# Task data:
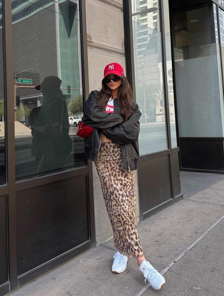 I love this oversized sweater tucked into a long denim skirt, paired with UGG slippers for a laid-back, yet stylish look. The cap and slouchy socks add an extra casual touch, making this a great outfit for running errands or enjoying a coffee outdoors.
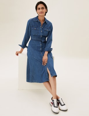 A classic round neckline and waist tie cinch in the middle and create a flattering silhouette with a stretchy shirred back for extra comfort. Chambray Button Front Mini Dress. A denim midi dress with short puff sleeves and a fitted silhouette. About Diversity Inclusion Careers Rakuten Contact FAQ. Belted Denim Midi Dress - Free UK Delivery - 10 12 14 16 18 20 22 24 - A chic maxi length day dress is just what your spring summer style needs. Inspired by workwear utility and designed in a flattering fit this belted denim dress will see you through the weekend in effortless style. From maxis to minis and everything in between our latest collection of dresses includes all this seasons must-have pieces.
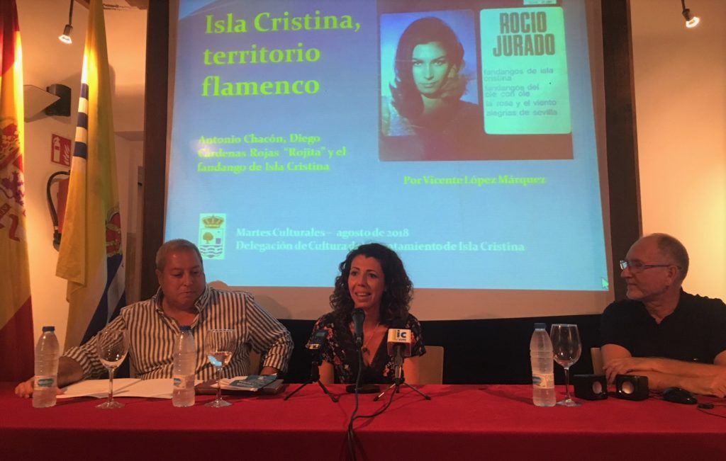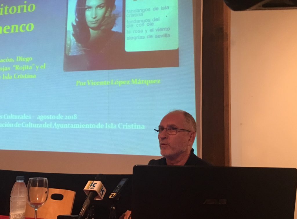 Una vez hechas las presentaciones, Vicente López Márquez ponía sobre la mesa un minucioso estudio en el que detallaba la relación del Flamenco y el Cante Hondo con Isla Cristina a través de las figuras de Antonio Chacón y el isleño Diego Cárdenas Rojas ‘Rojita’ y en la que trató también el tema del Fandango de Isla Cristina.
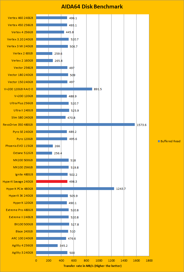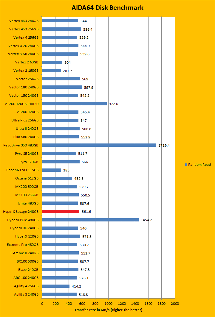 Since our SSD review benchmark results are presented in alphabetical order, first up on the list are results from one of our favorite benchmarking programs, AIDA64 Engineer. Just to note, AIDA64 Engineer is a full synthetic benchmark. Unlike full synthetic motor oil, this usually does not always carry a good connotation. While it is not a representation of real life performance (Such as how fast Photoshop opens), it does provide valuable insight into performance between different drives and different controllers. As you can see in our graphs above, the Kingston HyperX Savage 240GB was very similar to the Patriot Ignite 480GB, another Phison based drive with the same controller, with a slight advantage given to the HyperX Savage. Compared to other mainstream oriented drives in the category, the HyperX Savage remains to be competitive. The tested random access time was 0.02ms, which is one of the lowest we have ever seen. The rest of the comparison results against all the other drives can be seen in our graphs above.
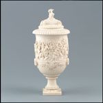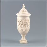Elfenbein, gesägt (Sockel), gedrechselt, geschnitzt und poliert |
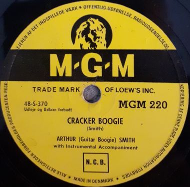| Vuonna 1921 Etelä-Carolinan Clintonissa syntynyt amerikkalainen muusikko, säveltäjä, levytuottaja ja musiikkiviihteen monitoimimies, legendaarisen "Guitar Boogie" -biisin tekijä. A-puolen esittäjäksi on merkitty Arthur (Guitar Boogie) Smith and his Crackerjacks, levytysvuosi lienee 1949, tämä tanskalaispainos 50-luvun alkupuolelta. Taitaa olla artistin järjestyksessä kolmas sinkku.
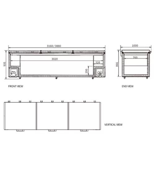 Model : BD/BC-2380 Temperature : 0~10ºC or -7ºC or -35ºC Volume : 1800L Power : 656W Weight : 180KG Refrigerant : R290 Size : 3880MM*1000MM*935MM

# The problem:
Skipping every picture, reproduce the records word for word.

# Output below:
 I love this oversized sweater tucked into a long denim skirt, paired with UGG slippers for a laid-back, yet stylish look. The cap and slouchy socks add an extra casual touch, making this a great outfit for running errands or enjoying a coffee outdoors.
 A classic round neckline and waist tie cinch in the middle and create a flattering silhouette with a stretchy shirred back for extra comfort. Chambray Button Front Mini Dress. A denim midi dress with short puff sleeves and a fitted silhouette. About Diversity Inclusion Careers Rakuten Contact FAQ. Belted Denim Midi Dress - Free UK Delivery - 10 12 14 16 18 20 22 24 - A chic maxi length day dress is just what your spring summer style needs. Inspired by workwear utility and designed in a flattering fit this belted denim dress will see you through the weekend in effortless style. From maxis to minis and everything in between our latest collection of dresses includes all this seasons must-have pieces.
 Una vez hechas las presentaciones, Vicente López Márquez ponía sobre la mesa un minucioso estudio en el que detallaba la relación del Flamenco y el Cante Hondo con Isla Cristina a través de las figuras de Antonio Chacón y el isleño Diego Cárdenas Rojas ‘Rojita’ y en la que trató también el tema del Fandango de Isla Cristina.
 Since our SSD review benchmark results are presented in alphabetical order, first up on the list are results from one of our favorite benchmarking programs, AIDA64 Engineer. Just to note, AIDA64 Engineer is a full synthetic benchmark. Unlike full synthetic motor oil, this usually does not always carry a good connotation. While it is not a representation of real life performance (Such as how fast Photoshop opens), it does provide valuable insight into performance between different drives and different controllers. As you can see in our graphs above, the Kingston HyperX Savage 240GB was very similar to the Patriot Ignite 480GB, another Phison based drive with the same controller, with a slight advantage given to the HyperX Savage. Compared to other mainstream oriented drives in the category, the HyperX Savage remains to be competitive. The tested random access time was 0.02ms, which is one of the lowest we have ever seen. The rest of the comparison results against all the other drives can be seen in our graphs above.
Elfenbein, gesägt (Sockel), gedrechselt, geschnitzt und poliert |
| Vuonna 1921 Etelä-Carolinan Clintonissa syntynyt amerikkalainen muusikko, säveltäjä, levytuottaja ja musiikkiviihteen monitoimimies, legendaarisen "Guitar Boogie" -biisin tekijä. A-puolen esittäjäksi on merkitty Arthur (Guitar Boogie) Smith and his Crackerjacks, levytysvuosi lienee 1949, tämä tanskalaispainos 50-luvun alkupuolelta. Taitaa olla artistin järjestyksessä kolmas sinkku.
 Model : BD/BC-2380 Temperature : 0~10ºC or -7ºC or -35ºC Volume : 1800L Power : 656W Weight : 180KG Refrigerant : R290 Size : 3880MM*1000MM*935MM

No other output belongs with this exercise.